Harnesses Ubiquisys' flexible Femto-Engine model to rework business model


Published: 30 June, 2010

READ MORE: Japan | Ubiquisys | Softbank Mobile | Femtocell

As femtocells hit the mainstream, debate rages over whether carriers can get away with charging end users for the devices. With many expecting the products to be fully subsidized in the near future, pioneer Ubiquisys is working with Japan's Softbank on a roll-out that will support free femtos and still deliver strong ROI to the operator.

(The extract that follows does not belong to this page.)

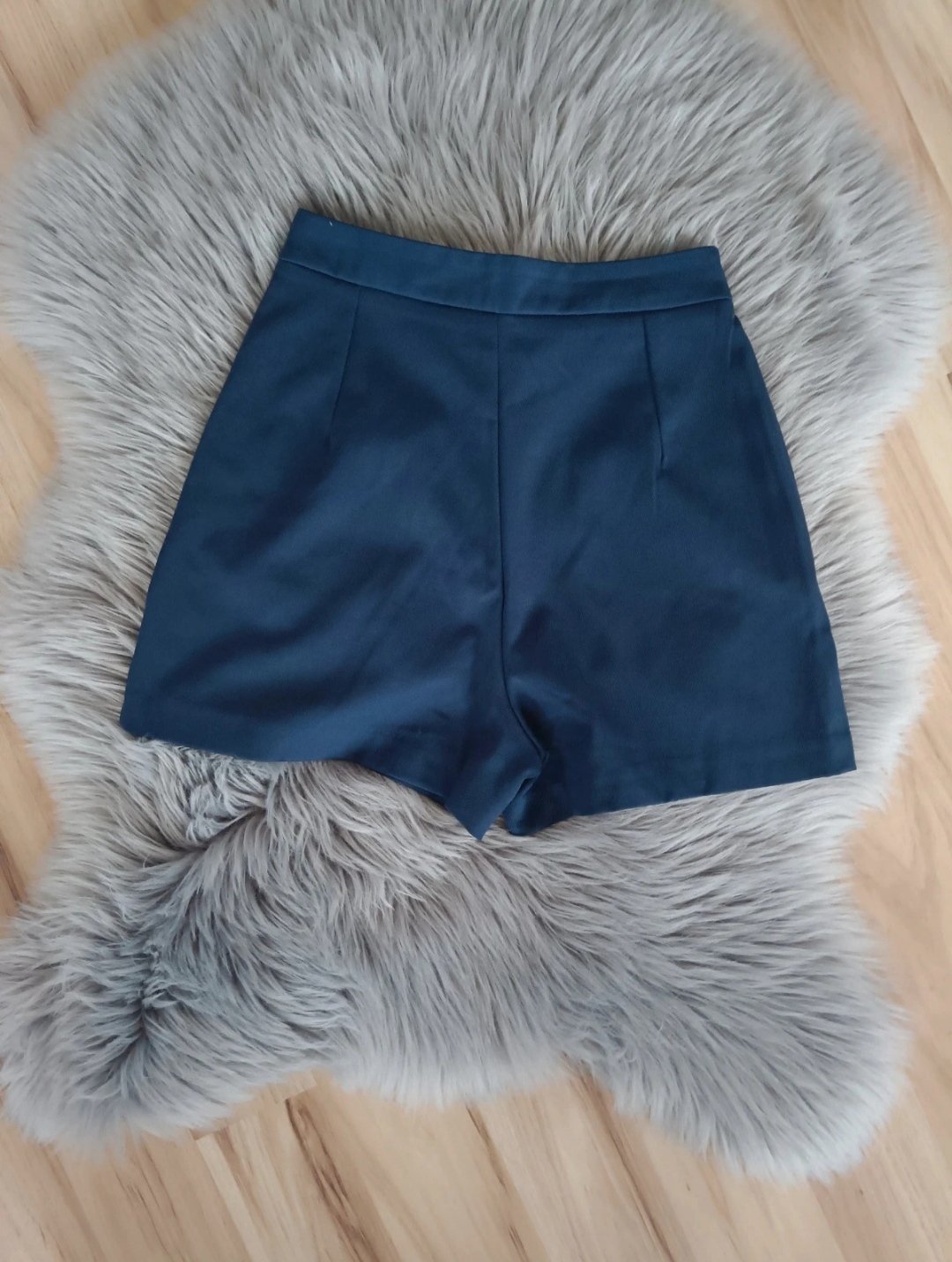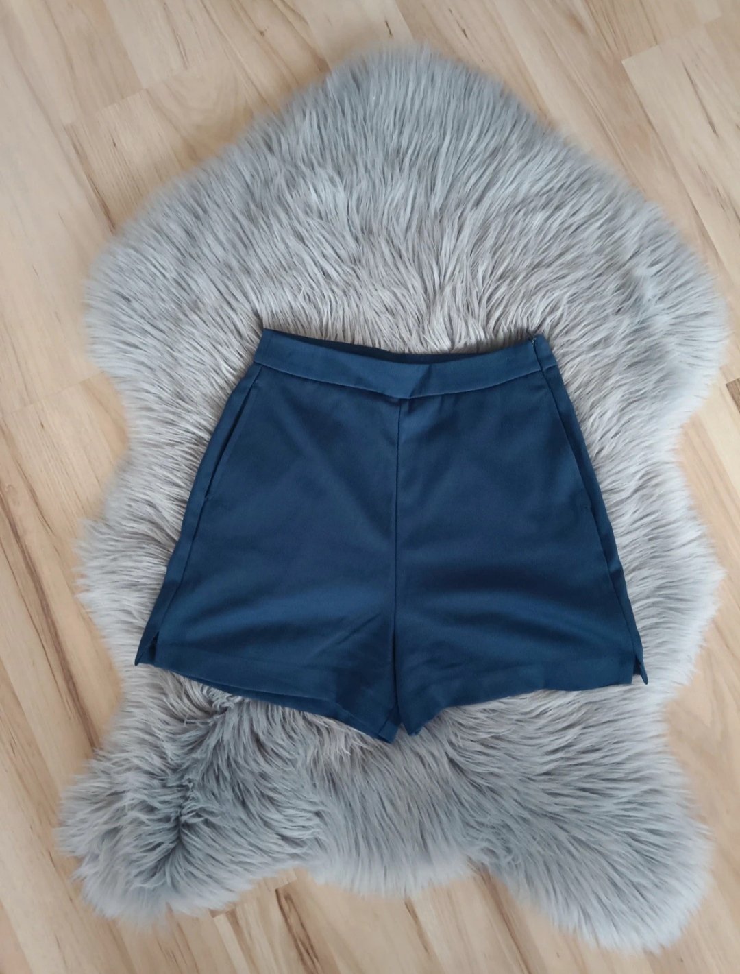 Super stav, oblecene minimálne 1-2x. Skvelý široký strih, oblecene vyzerajú ako minisukna. Krepovy materiál v pase ozdobená šnúrka. Majú vrecka. Kráľovská modrá farba. Mam k nej aj ladiace tricko ...

In most phase one deployments, the main consumer proposition is improved signal quality indoors, and some argue that the operator should be delivering that anyway, not charging extra for it. The challenge is to acquire the tiny base stations sufficiently cheaply to make 100% subsidies viable, and/or to add significant value beyond indoor coverage, in the form of homezone tariffs or new applications. In addition, the Femto Forum has published studies that show that the benefits to cellcos - from offloading data and signalling traffic from the overstretched macro network, plus improved customer experience resulting in reduced churn - offset higher subsidies. In most countries where femtos are available, there is only one operator providing them, but as competition steps up, the pressure to remove upfront charges for femtos will mount (customers of AT&T's 3G MicroCell offering can already get a free device if they are also subscribers to its other services).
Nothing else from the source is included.